DATA BLOCK Block Start

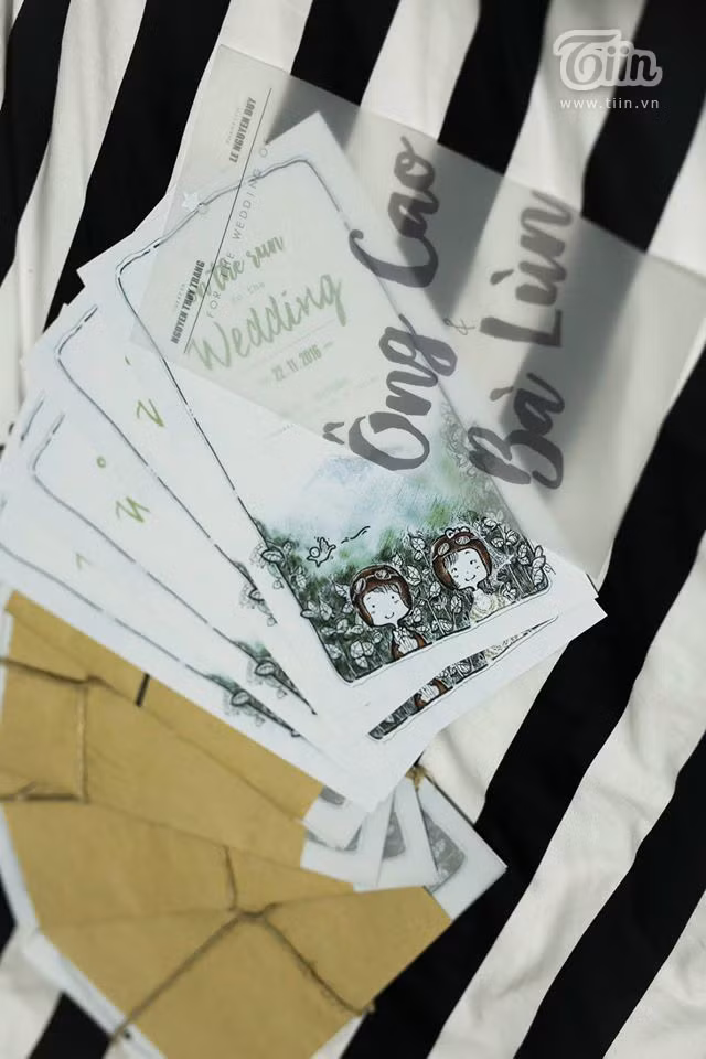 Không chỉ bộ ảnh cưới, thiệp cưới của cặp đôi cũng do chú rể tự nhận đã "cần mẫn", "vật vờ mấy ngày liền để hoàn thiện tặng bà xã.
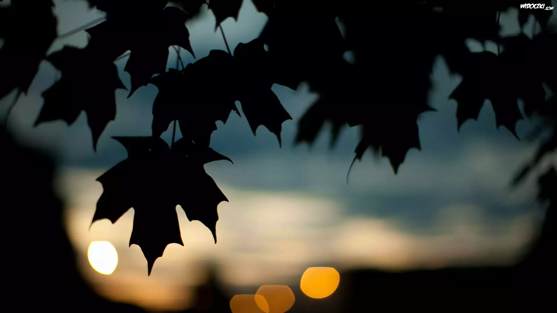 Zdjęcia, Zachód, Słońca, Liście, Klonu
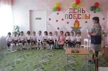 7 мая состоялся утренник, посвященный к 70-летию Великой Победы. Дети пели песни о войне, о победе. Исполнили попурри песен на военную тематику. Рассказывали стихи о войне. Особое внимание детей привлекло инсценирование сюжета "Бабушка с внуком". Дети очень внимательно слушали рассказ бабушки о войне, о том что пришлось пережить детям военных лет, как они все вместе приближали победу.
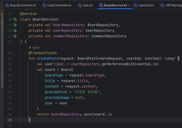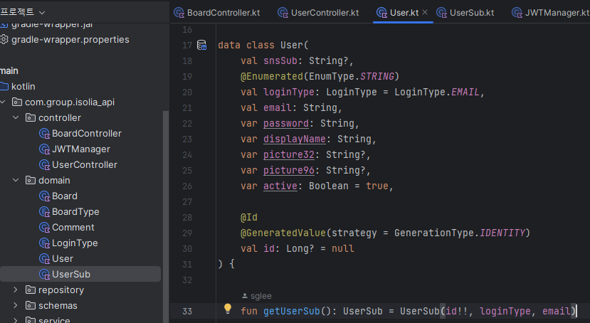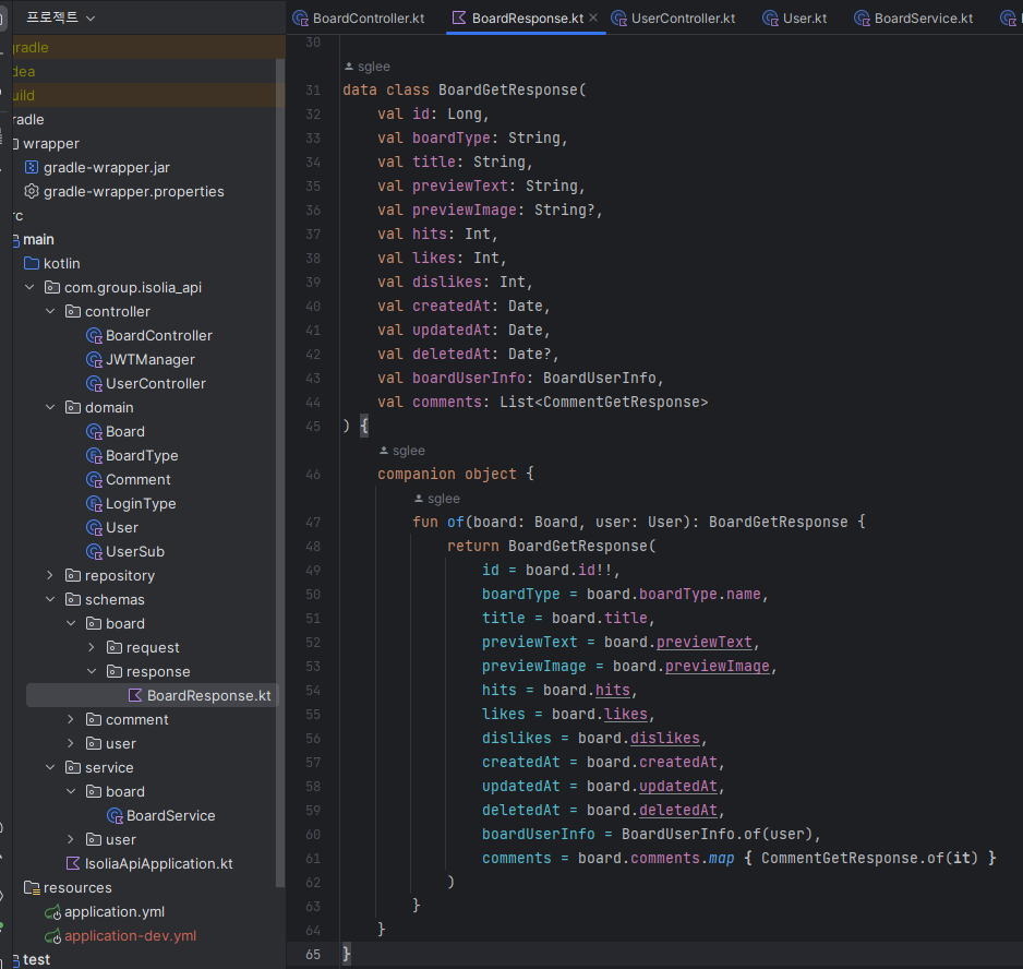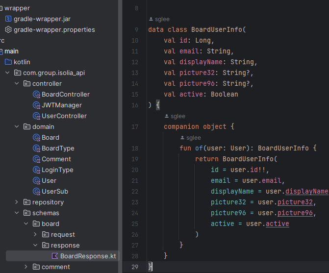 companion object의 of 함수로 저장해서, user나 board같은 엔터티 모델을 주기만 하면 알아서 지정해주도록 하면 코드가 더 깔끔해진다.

DATA BLOCK Block End

Repeat word for word the lines from the one holding "Zdjęcia, Zachód, Słońca, Liście, Klonu" through the last line of the listing above, including both ends. Drop the pictures.

» WRITTEN REPLY:
 Zdjęcia, Zachód, Słońca, Liście, Klonu
 7 мая состоялся утренник, посвященный к 70-летию Великой Победы. Дети пели песни о войне, о победе. Исполнили попурри песен на военную тематику. Рассказывали стихи о войне. Особое внимание детей привлекло инсценирование сюжета "Бабушка с внуком". Дети очень внимательно слушали рассказ бабушки о войне, о том что пришлось пережить детям военных лет, как они все вместе приближали победу.
 companion object의 of 함수로 저장해서, user나 board같은 엔터티 모델을 주기만 하면 알아서 지정해주도록 하면 코드가 더 깔끔해진다.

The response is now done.